╭─ Dataset section

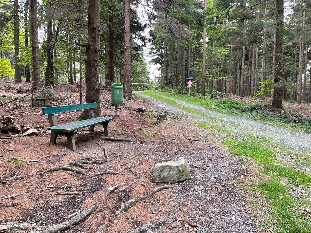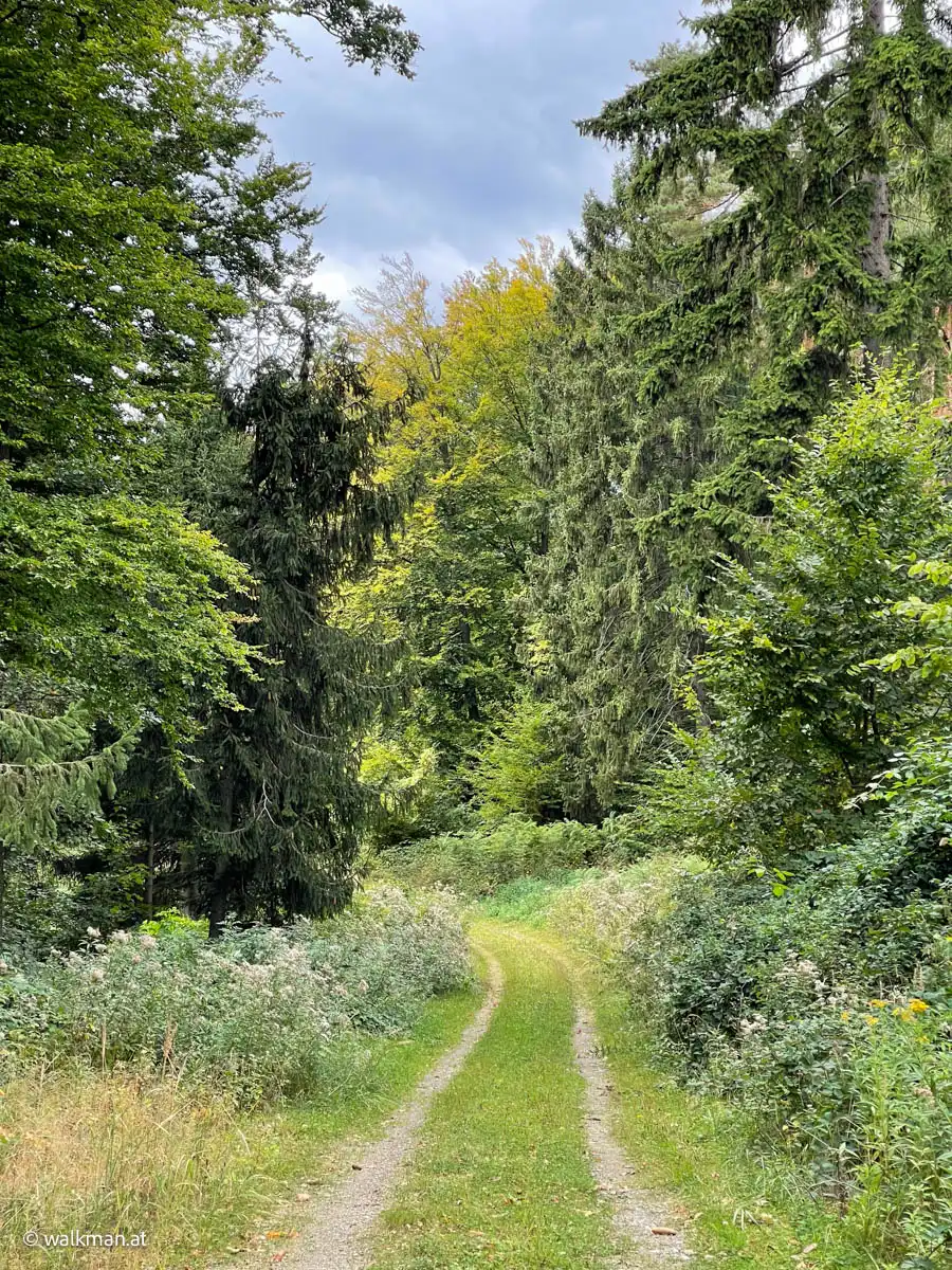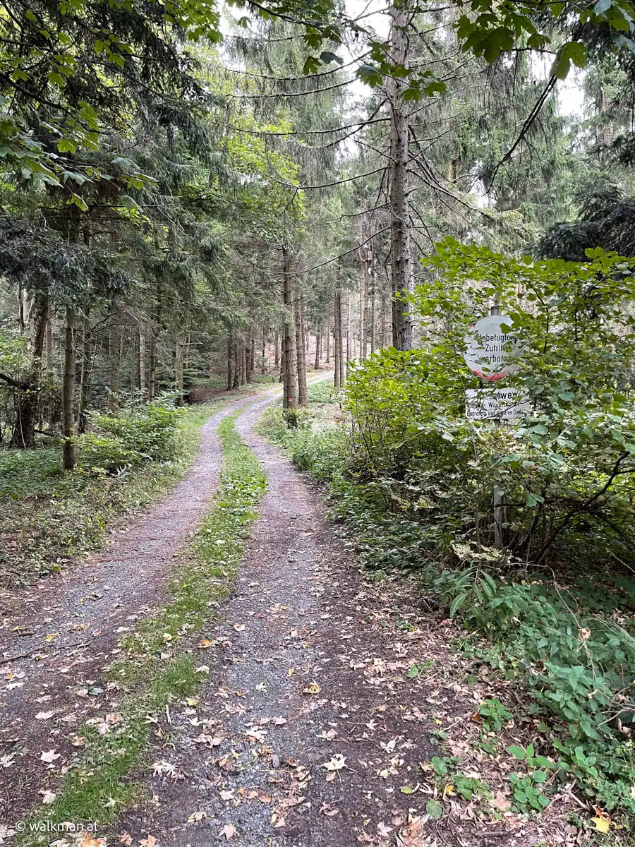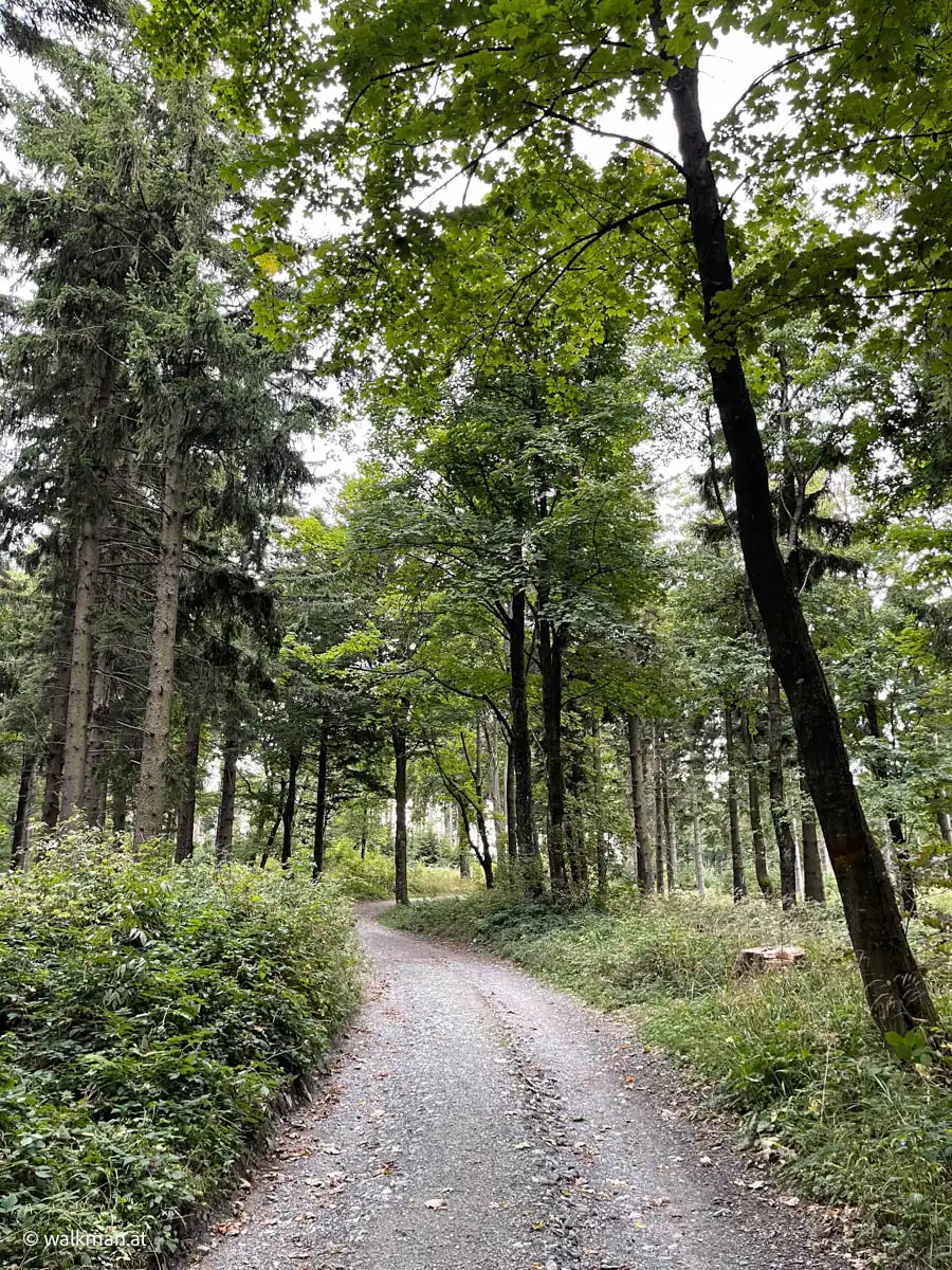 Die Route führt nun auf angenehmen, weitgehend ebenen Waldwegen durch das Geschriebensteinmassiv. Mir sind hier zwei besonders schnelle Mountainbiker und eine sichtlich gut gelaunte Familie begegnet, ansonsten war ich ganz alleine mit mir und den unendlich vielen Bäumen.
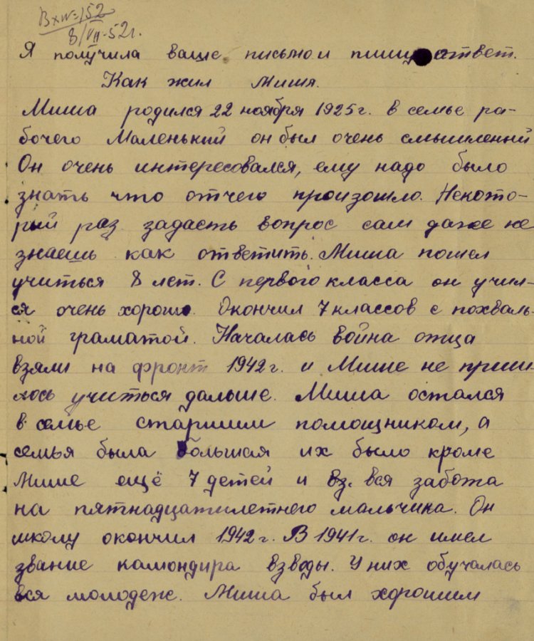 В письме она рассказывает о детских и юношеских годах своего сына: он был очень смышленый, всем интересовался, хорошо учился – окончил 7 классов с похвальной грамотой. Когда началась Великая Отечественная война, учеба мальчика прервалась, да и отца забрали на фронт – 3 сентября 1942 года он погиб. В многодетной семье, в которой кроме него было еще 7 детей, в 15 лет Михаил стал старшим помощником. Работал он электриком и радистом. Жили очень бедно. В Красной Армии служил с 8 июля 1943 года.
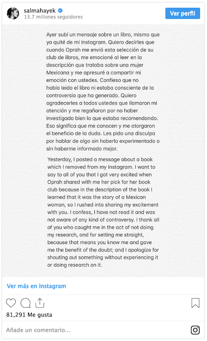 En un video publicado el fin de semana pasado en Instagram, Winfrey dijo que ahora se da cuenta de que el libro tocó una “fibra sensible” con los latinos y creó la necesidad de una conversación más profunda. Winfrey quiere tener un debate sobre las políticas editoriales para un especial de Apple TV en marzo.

╰─

Your objective
Please retype the data exactly, but do not carry over any picture.

The completed task
 Die Route führt nun auf angenehmen, weitgehend ebenen Waldwegen durch das Geschriebensteinmassiv. Mir sind hier zwei besonders schnelle Mountainbiker und eine sichtlich gut gelaunte Familie begegnet, ansonsten war ich ganz alleine mit mir und den unendlich vielen Bäumen.
 В письме она рассказывает о детских и юношеских годах своего сына: он был очень смышленый, всем интересовался, хорошо учился – окончил 7 классов с похвальной грамотой. Когда началась Великая Отечественная война, учеба мальчика прервалась, да и отца забрали на фронт – 3 сентября 1942 года он погиб. В многодетной семье, в которой кроме него было еще 7 детей, в 15 лет Михаил стал старшим помощником. Работал он электриком и радистом. Жили очень бедно. В Красной Армии служил с 8 июля 1943 года.
 En un video publicado el fin de semana pasado en Instagram, Winfrey dijo que ahora se da cuenta de que el libro tocó una “fibra sensible” con los latinos y creó la necesidad de una conversación más profunda. Winfrey quiere tener un debate sobre las políticas editoriales para un especial de Apple TV en marzo.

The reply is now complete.